It’s starting to feel like the period of arrival, and all the messiness that entails, is coming to an end. I’ve had a home for a week, I have a mattress arriving Tuesday, I have some clothes hanging on a clothes rack, a walked six blocks in the stifling heat with my new desk (it’s a card table. I won’t pretend it was some Herculean feat—just a little bit of a work. It’s a heavy card table.) I have a bookshelf, on which I have books stacks. All in all, my new home is starting to resemble a home, and not a temporary stopping place. I feel very lucky in the things I’ve picked up secondhand so far. By the time I get to Ikea next weekend (there is a real sense of relief when you get to a new country and the Ikea catalogue has all the same old items in it… some people might feel this way about a Big Mac, but for me it’s good old build-it-yourself-with-an-Allen-key furniture) I’m not sure there’ll be much left to do. And I finally bought some stamps, so I’ve embarked on my general letter-writing crusade.
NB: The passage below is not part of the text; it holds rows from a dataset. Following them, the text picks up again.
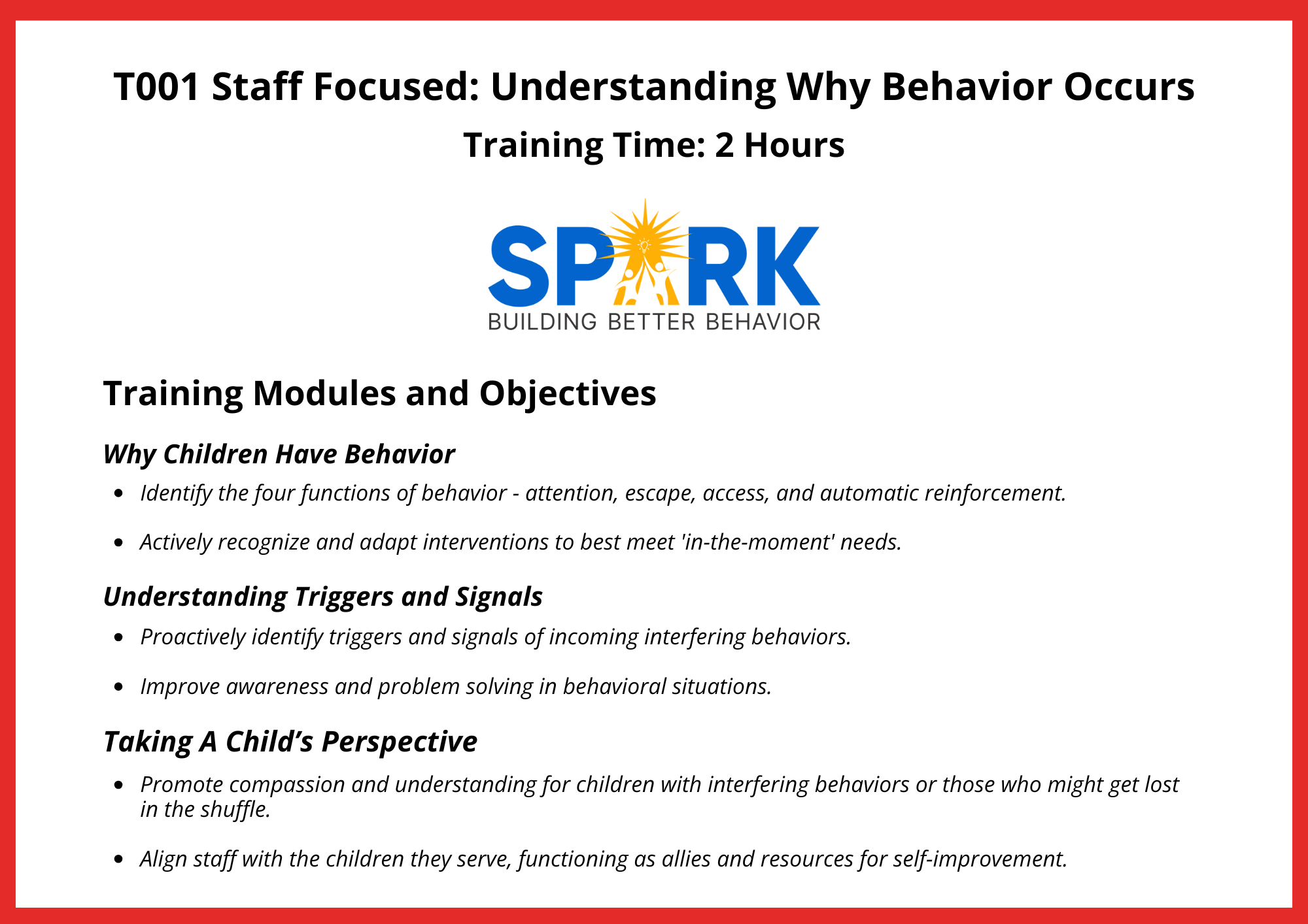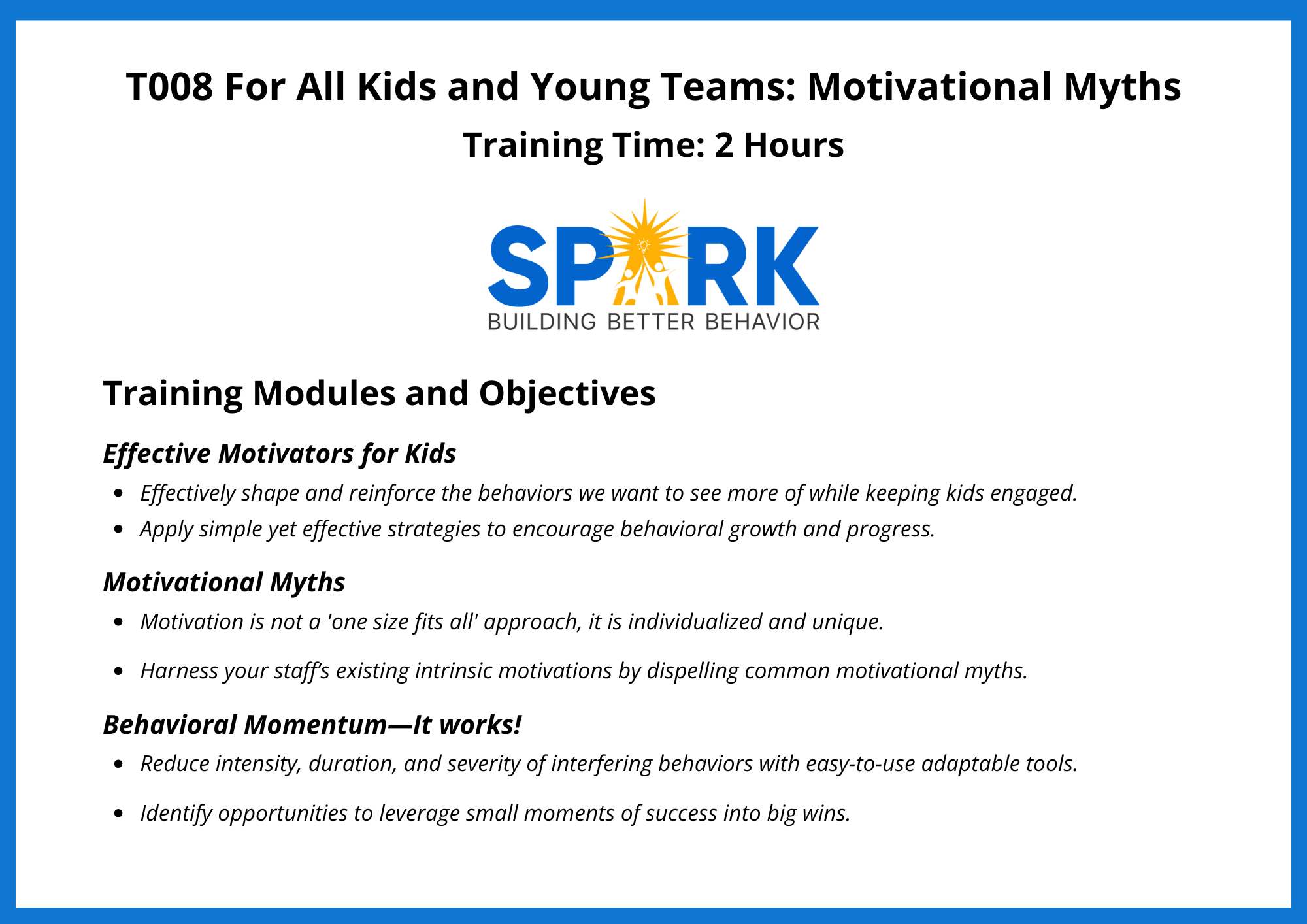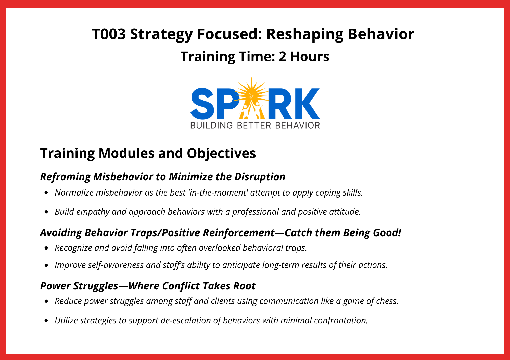 “The trainers at Spark truly care about all their clients. Their trainings provide you with the best strategies possible for handling youth with behavioral needs! I fully recommend working with Spark!”
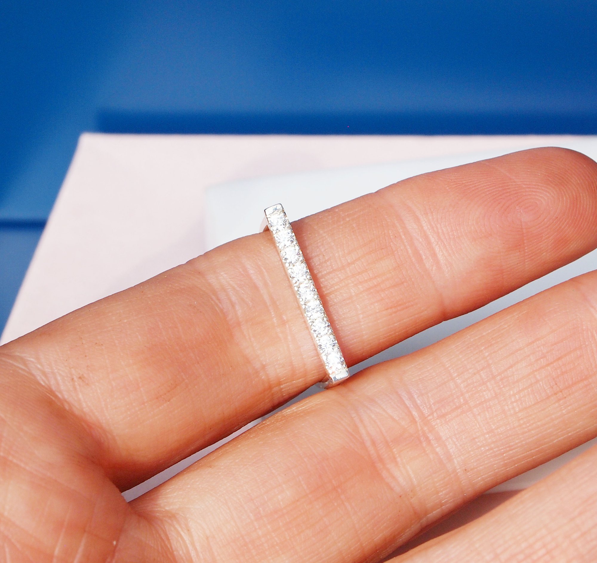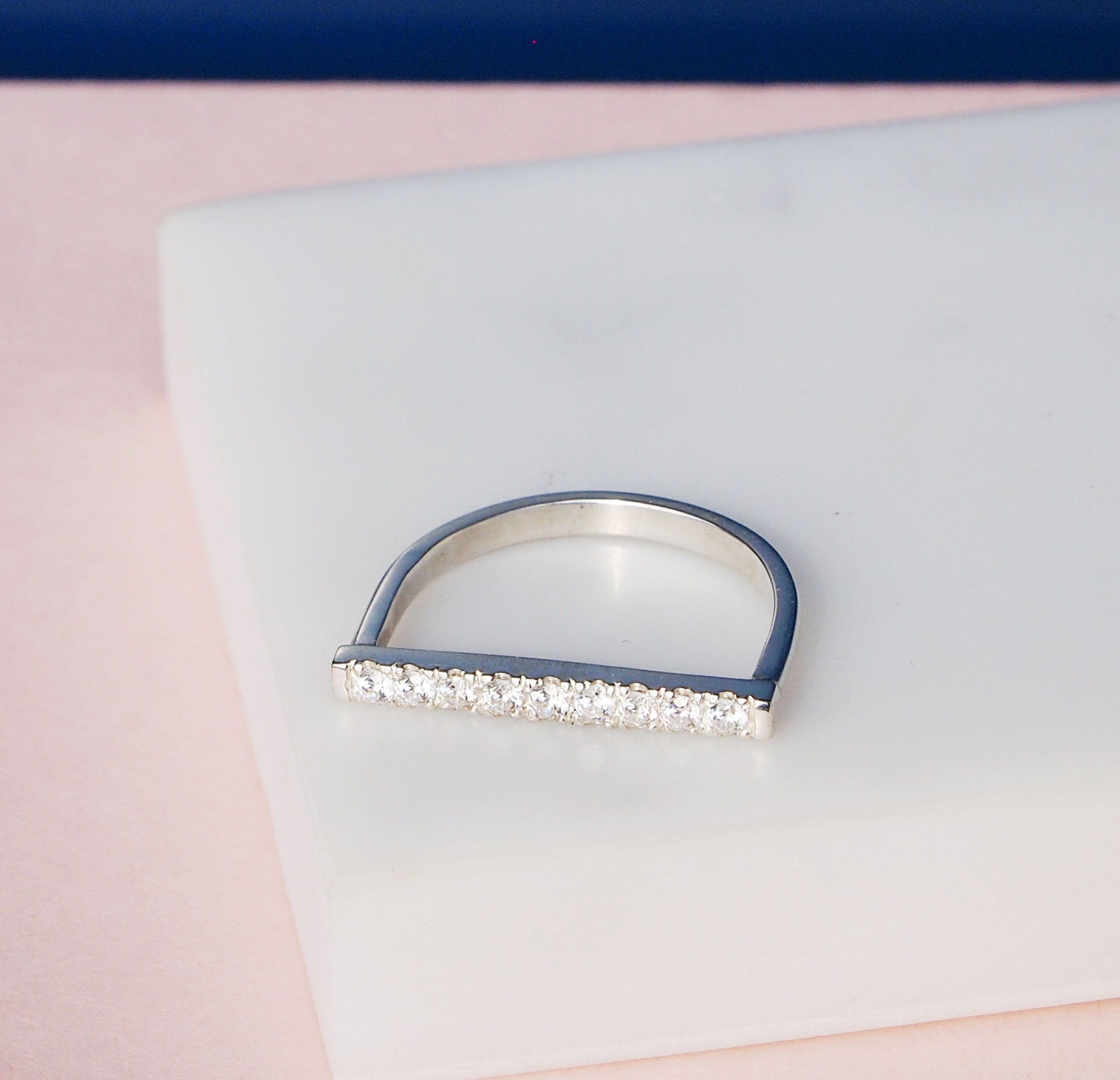 The ring has a U shaped band with a square bar top that is just the sparkliest thing you have ever seen, a great addition to your jewellery collection!
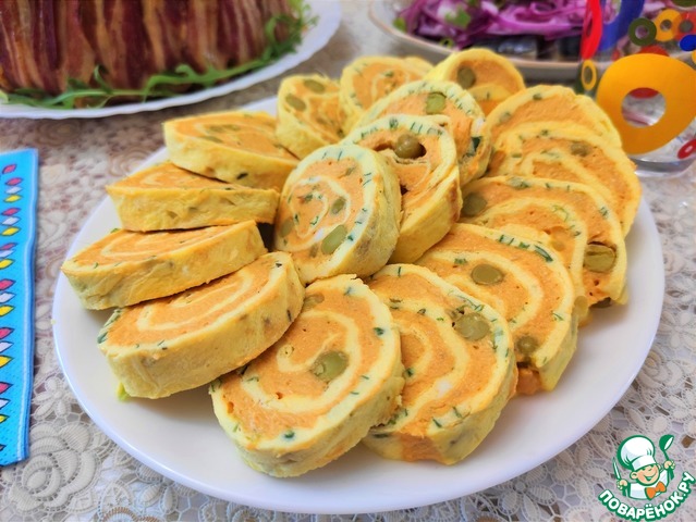 Симпатичный закусочный яичный рулет с яркой начинкой из слабосоленой сельди, моркови, горошка и плавленого сыра для разнообразия закусок к праздничному столу!
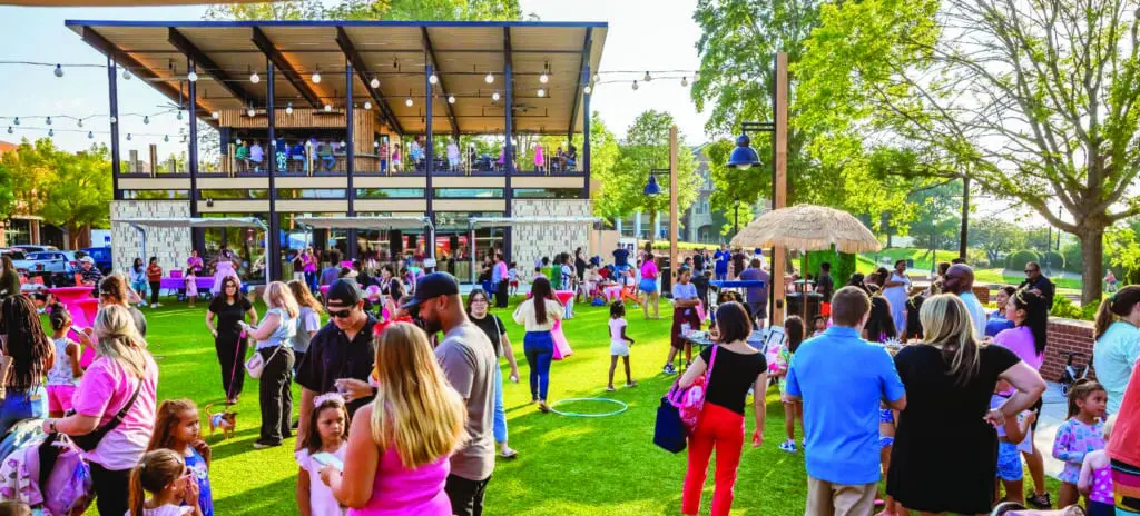 Suwanee Town Center is a top spot for families who live in the area. The 10-acre park has large green spaces for picnics and free play, an interactive splash fountain for kids to cool off in the summer, a playground at PlayTown Suwanee that was built by community volunteers, and a 1,000-seat amphitheater that hosts a regular lineup of family-friendly events and performances.
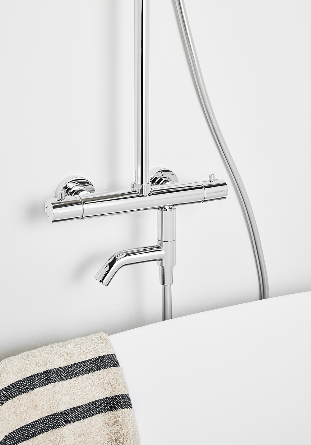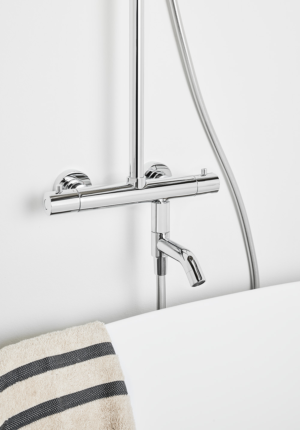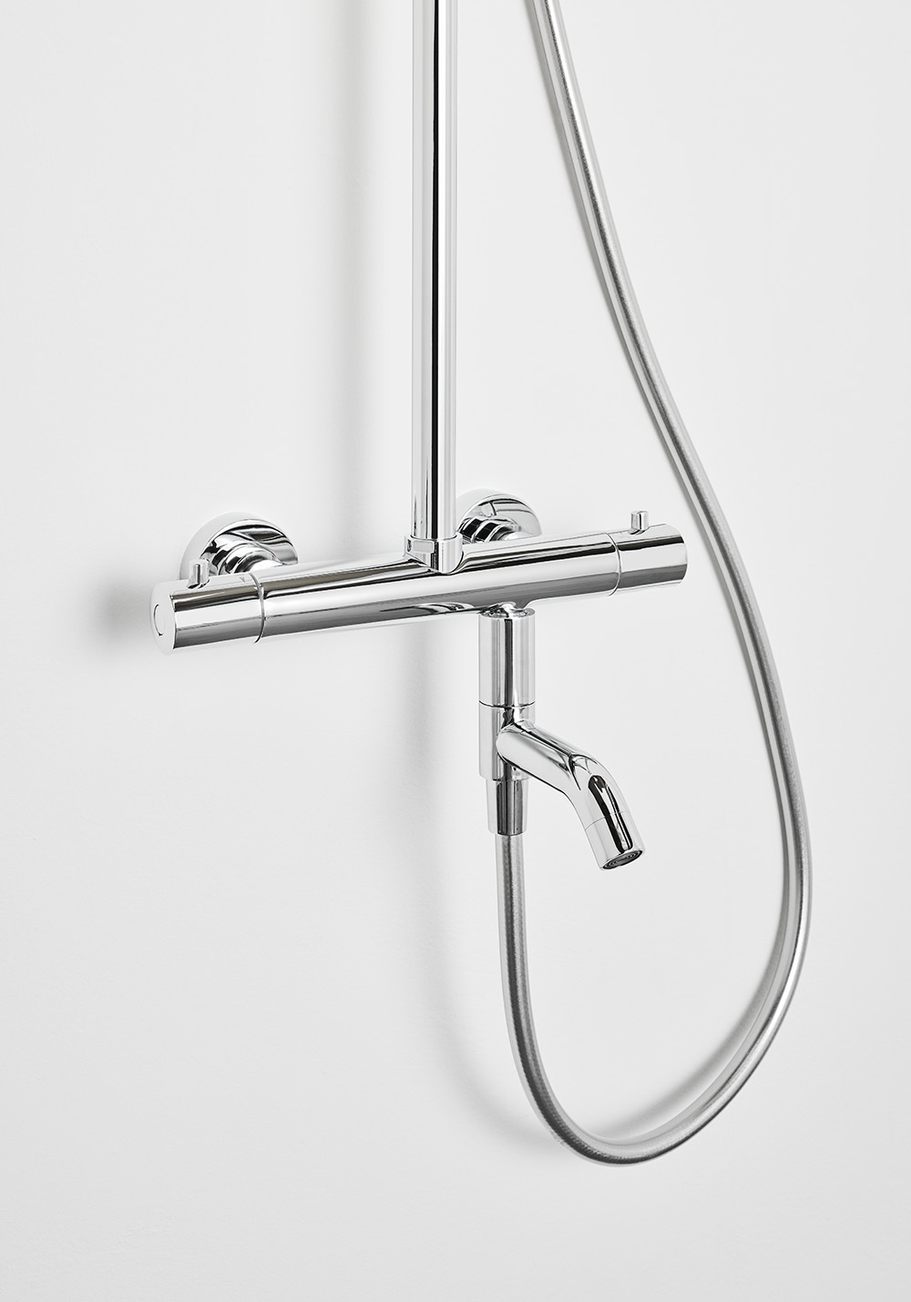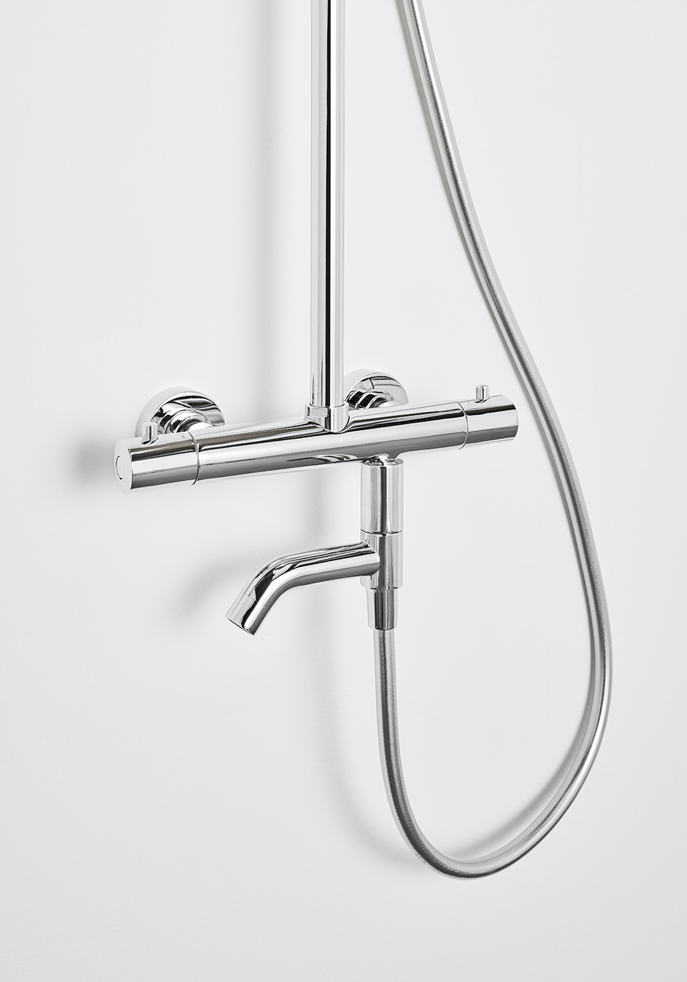 Med badkarspipen Add kan en vanlig duschblandare få en badkarspip med inbygg omkastare för att skifta vatten mellan pip och duschhandtag och som du kan svänga undan när du inte behöver den. Praktiskt när du skall hämta vatten till din bastu, eller i badkaret när du inte vill ha en badkarspip som är i vägen när du badar. Finns i krom och svart matt.

A few days ago I went to the National Portrait Gallery—it felt like I was really taking a bit of a sprint through it. I was finding out what was there permanently to come back to later, and also taking a bit more time with a couple of temporary exhibitions ending very soon—including an exhibition of works from the British National Portrait Gallery. I found myself face-to-face with the John Singer Sargent portrait of Henry James that I’ve seen reproduced so often in my books. It’s always strangely moving when I have those experiences, finding myself suddenly in front of a painting I’ve known but never seen, and didn’t expect to here. In Firenze, it was the Bronzino portrait of Lucretia Panciatichi that James scholars have identified as that which Milly Theale encounters at Matcham. Here it was the master himself. I suppose it would be churlish in this instance to be disappointed that the Bronte portrait wasn’t also in DC—I’ve wanted to see that painting (that’s been through so much…) in person for years.
I have ventured out to a few farmers’ markets in the past few days—bought locally grown green tomatoes in Wednesday at Rose Park, and today I went to the larger Eastern Market. I plan to go to Dupont tomorrow—once I’ve had a chance to see them all, I can decide which will be the best to shop at.
Last night had a few people over—an impromptu evening where, no-one will be surprised to learn, I fed a few of my “orphans.” Gia, another Australian girl, came around with some cheese and crackers, as I’d bought a bottle of wine at Trader Joe’s earlier. Then Aga, a Polish girl here for a PhD in Economics, arrived and announced she was hungry. I was glad of a chance to get to feel more at home in the kitchen, and as I’ve already made a pesto a few days before, I made ravioli with pesto, cherry tomatoes, eggplant and spinach for us three. Soon after that Maryléne, a French exchange student who’s been staying with me while looking for a place, arrived home and joined in the cheese eating. Finally Sheena and Jeannine showed up as well. It was a nice, though relatively quiet, night. Gia, Aga and Jeannine went onto a party that was starting up at 10.30, while I went to do a little reading and then crashed.